### RECORDED INFORMATION
# # #

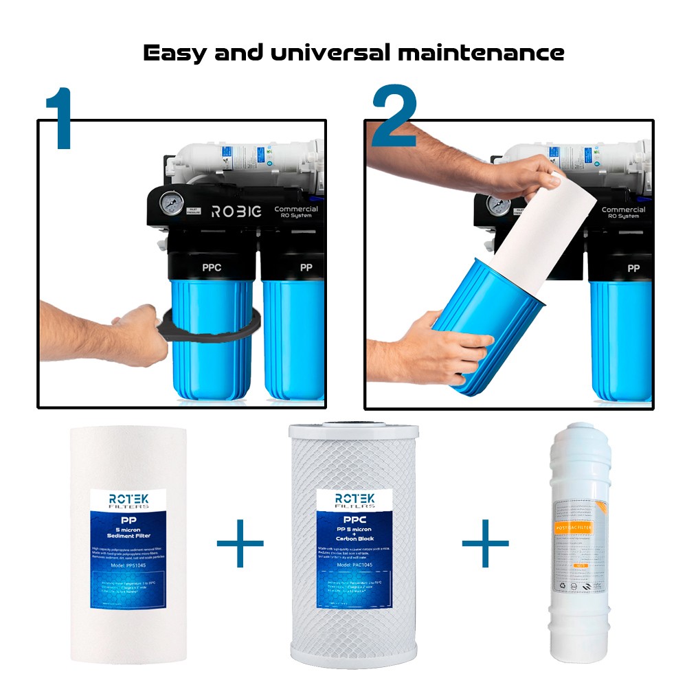 Cambio de prefiltros cada 6-12 meses, membrana cada 2-3 años, y postfiltro cada 12 meses.
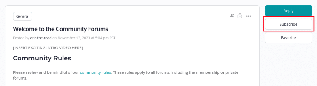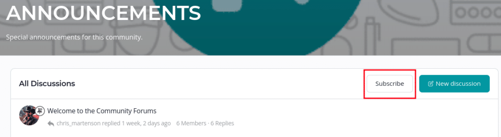 You can subscribe to an entire Forum and be alerted of any new Discussion started there. We recommend you do this for the Announcements forum, so you don’t miss important updates.
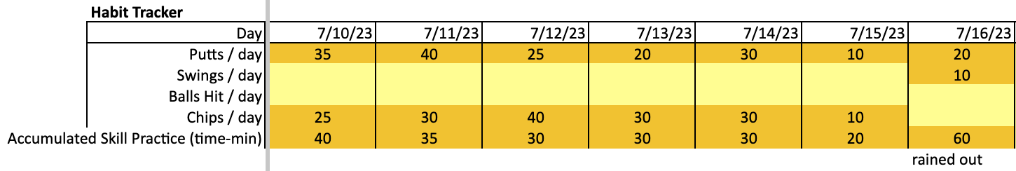 I’ll need to spend this week reflecting on the first 6 months of this Project and see where the greatest expected value of my time should go to if I’m to hope to shoot in the 80’s and eventually 70’s by the end of the year.
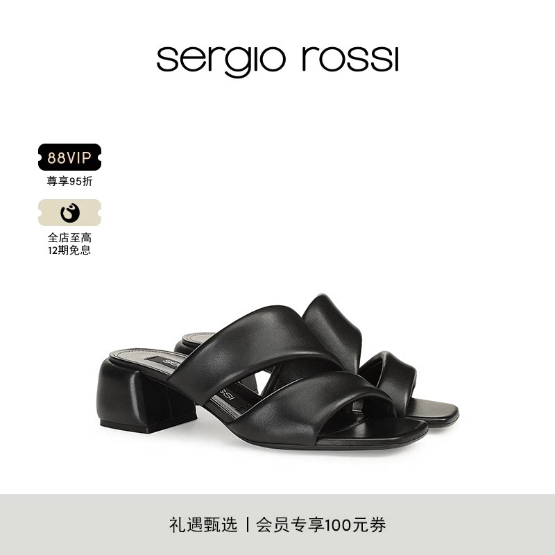 Sergio Rossi/SR Women's Shoes SR SPONGY Sheepskin Square Toe High Heels Square Heel Sandals Slippers

# # #

### BRIEF
Write the listing above out again exactly, but not the images it holds.

### ANSWER SPACE
 Cambio de prefiltros cada 6-12 meses, membrana cada 2-3 años, y postfiltro cada 12 meses.
 You can subscribe to an entire Forum and be alerted of any new Discussion started there. We recommend you do this for the Announcements forum, so you don’t miss important updates.
 I’ll need to spend this week reflecting on the first 6 months of this Project and see where the greatest expected value of my time should go to if I’m to hope to shoot in the 80’s and eventually 70’s by the end of the year.
 Sergio Rossi/SR Women's Shoes SR SPONGY Sheepskin Square Toe High Heels Square Heel Sandals Slippers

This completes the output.